Upregulation of MHC class II and of TNFα are hallmarks of activation of microglia11. We next examined both markers on microglia dissociated from naïve, hypertensive and hypertensive mice administered with TGFβ1 via the ICV route. Flow cytometry analysis revealed that MHC class II expression as well as TNFα production were significantly increased in microglia of mice infused with Ang II. However, in the TGFβ1 pretreatment group, the expression of MHC class II and TNFα are maintained at normal level (Figures 3B–C), which indicated that TGFβ suppresses the upregulation of MHC class II and TNFα induced by hypertension. Thus, we conclude that TGFβ negatively regulates activation of microglia during hypertension.

TGFβ regulates gene expression via the phosphorylation of SMAD2 and SMAD331. We thus examined SMAD2/3 phosphorylation (pSMAD2/3) in C8-B4 microglial cells and found that pSMAD2/3 was significantly elevated following TGFβ1 (20 ng/ml for 30 min) priming (Figure 4A). In support of this notion, there was 25% of microglia expressing pSMAD2 30 min after ICV injection of TGFβ1 (20 ng in 1 μl) into CX3CR1-GFP mice, examined by immunohistochemistry (Figure 4B). Of note, other non-microglia (GFP−) cells barely display phosphorylated SMAD2, confirming that microglia are the major cell type mediating the biological activity of TGFβ in the CNS.

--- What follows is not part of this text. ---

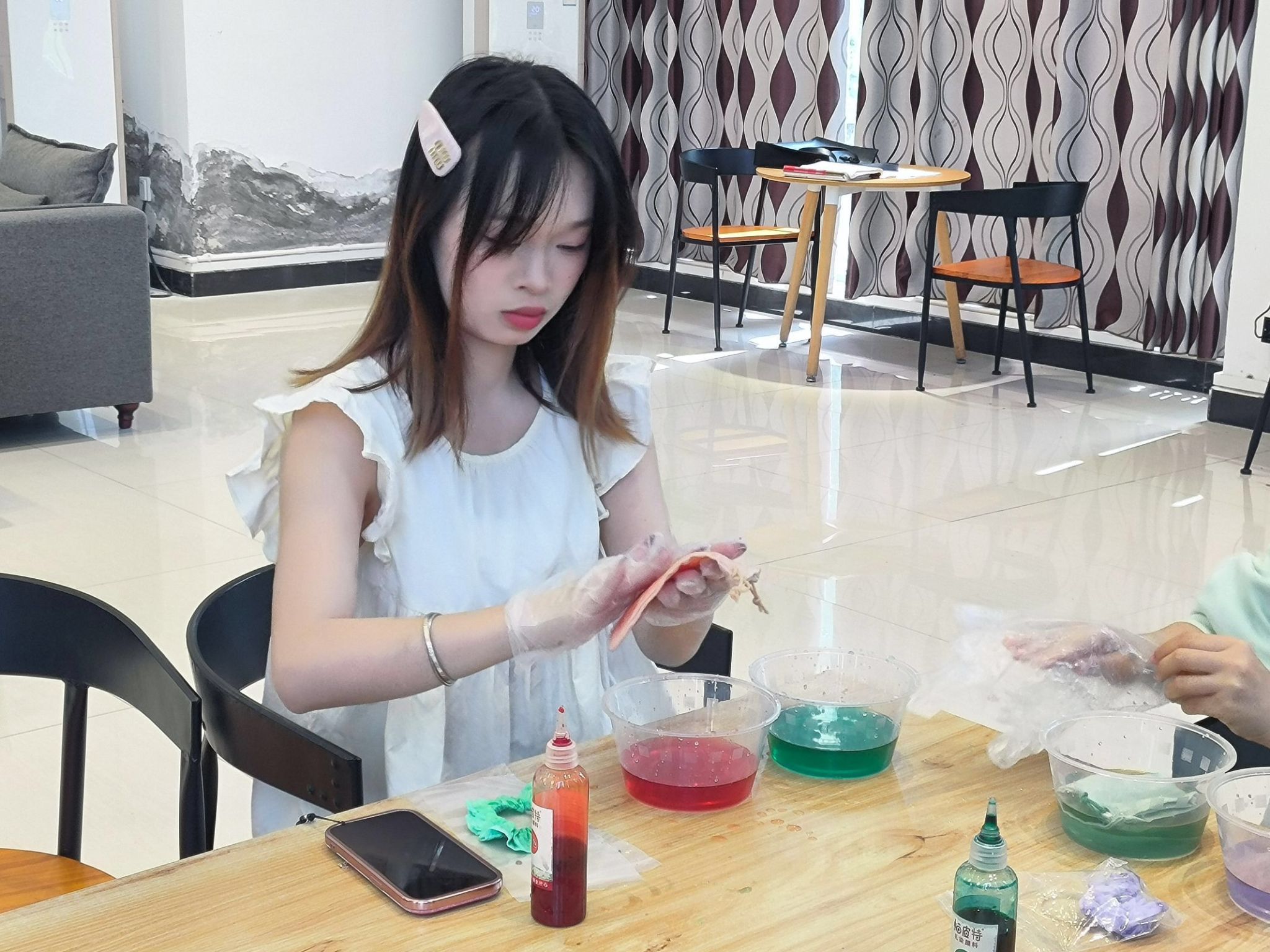 巧手扎锦绣,靛青染春秋。扎染,一种古老的民间工艺,与蜡染和镂空印花并称为我国古代三大印花技术,是中国传统的手工染色技术之一。在此次活动中,同学们仿若能工巧匠,研习扎染之技,充分感受传统手工艺的魅力,同时进一步了解了中华民族的优秀传统文化。扎染,能让参与者们感受历史在时代中的沉淀、激发起对传统文化的热爱与促进文化的多样性。
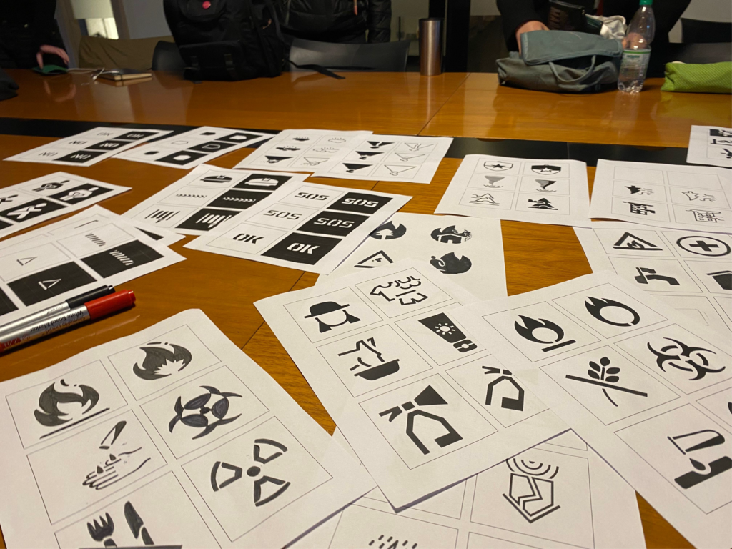 Version 20 of Guemil Icons was developed between August and December 2025 by Michelle Müller, Fernanda Pineda, Rodrigo Ramirez, Javiera Vallejos, Samuel Vasquez, and Rocío Molina as an update aimed at optimizing the design of visual information for emergency contexts. This version features a lighter and more refined appearance, along with a technical emphasis on its stencil-based reproduction, thus expanding its uses across different media and situations.

Figure 4. TGFβ1 promotes SMAD2/3 phosphorylation in microglia.

Figure 4

(A) Flow cytometry analysis of SMAD2/3 phosphorylation in naïve and TGFβ1-treated C8-B4 microglial cell line. * P<0.05. A representative histogram as well as the mean fluorescent intensity (MFI) is shown. (B) Co-localization of pSMAD2, GFP+ and Dapi+ in the PVN obtained from a CX3CR1-GFP transgenic mouse 30 minutes after ICV injection of TGFβ1 or saline. N.D. non-detectable. Calibration bar indicates 20 μm.

Recent work revealed that TGFβ1 is essential in keeping microglia in a quiescent state; disruption of TGFβ signaling promotes microglia towards proinflammatory activation13. To investigate the suppressive effects of TGFβ, murine naïve C8-B4 microglia were pre-treated with or without TGFβ1 (4 ng/ml) for 18 hours followed by challenge with either prorenin (50 nM), a hypertensive factor, or lipopolysaccharide (LPS) (0.1 ng/ml) for another 6 hours. Consistently, pre-treatment with TGFβ1 significantly attenuated prorenin- or LPS-elicited TNFα expression in C8-B4 cells (Supplemental Figure IV).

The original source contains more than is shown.